I am now creating the input array x and the results output arrays for doing the calculation two ways, with an additional intermediate step in one of the methods.
n = 500; x = randn(n,n); result1 = zeros(n,1); result2 = zeros(n,1);
Here we see and time the first method. In this one, we create a temporary array for x(:,k) n times through the outer loop.
tic for k = 1:n for z = 1:n result1(z) = myfun(x(:,k), z); end result1 = result1+x(:,k); end runtime(1) = toc;
In this method, we extract the column of interest first in the outer loop, and reuse that temporary array each time through the inner loop. Again we see and time the results.
tic for k = 1:n xt = x(:,k); for z = 1:n result2(z) = myfun(xt, z); end result2 = result2+x(:,k); end runtime(2) = toc;
First, let's make sure we get the same answer both ways. You can see that we do.

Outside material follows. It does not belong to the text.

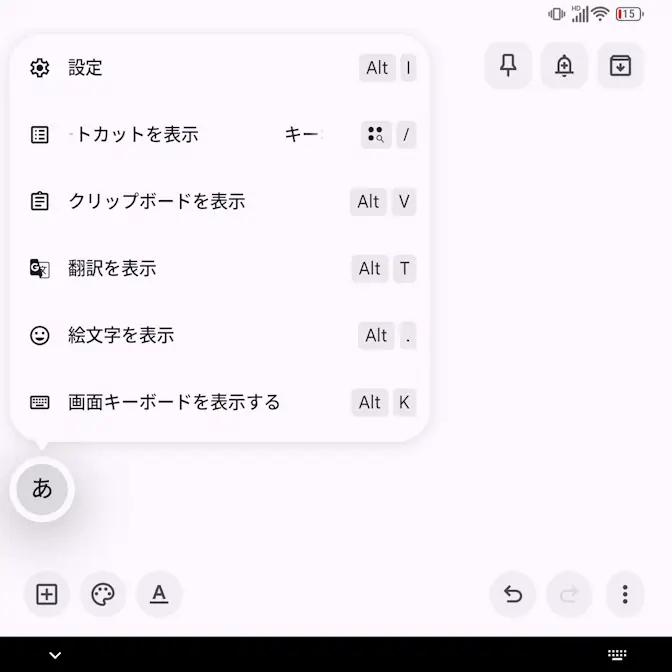 入力欄などをタップして表示されるあ/USをタップするとメニューが表示されます。

theSame = isequal(result1,result2)
theSame = 1
Next, let's compare the times. I want to remind you that doing timing from a script generally has more overhead than when the same code is run inside a function. We just want to see the relative behavior so we should get some insight from this exercise.
disp(['Run times are: ',num2str(runtime)])
Run times are: 2.3936 1.9558
Here's what's going on. In the first method, we create a temporary variable n times through the outer loop, even though that array is a constant for a fixed column. In the second method, we extract the relevant column once, and reuse it n times through the inner loop.
Be thoughtful if you do play around with this. Depending on the details of your function, if the calculations you do each time are large compared to the time to extract a column vector, you may not see much difference between the two methods. However, if the calculations are sufficiently short in duration, then the repeated creation of the temporary variable could add a tremendous amount of overhead to the calculation. In general, you should not be worse off always capturing the temporary array the fewest number of times possible.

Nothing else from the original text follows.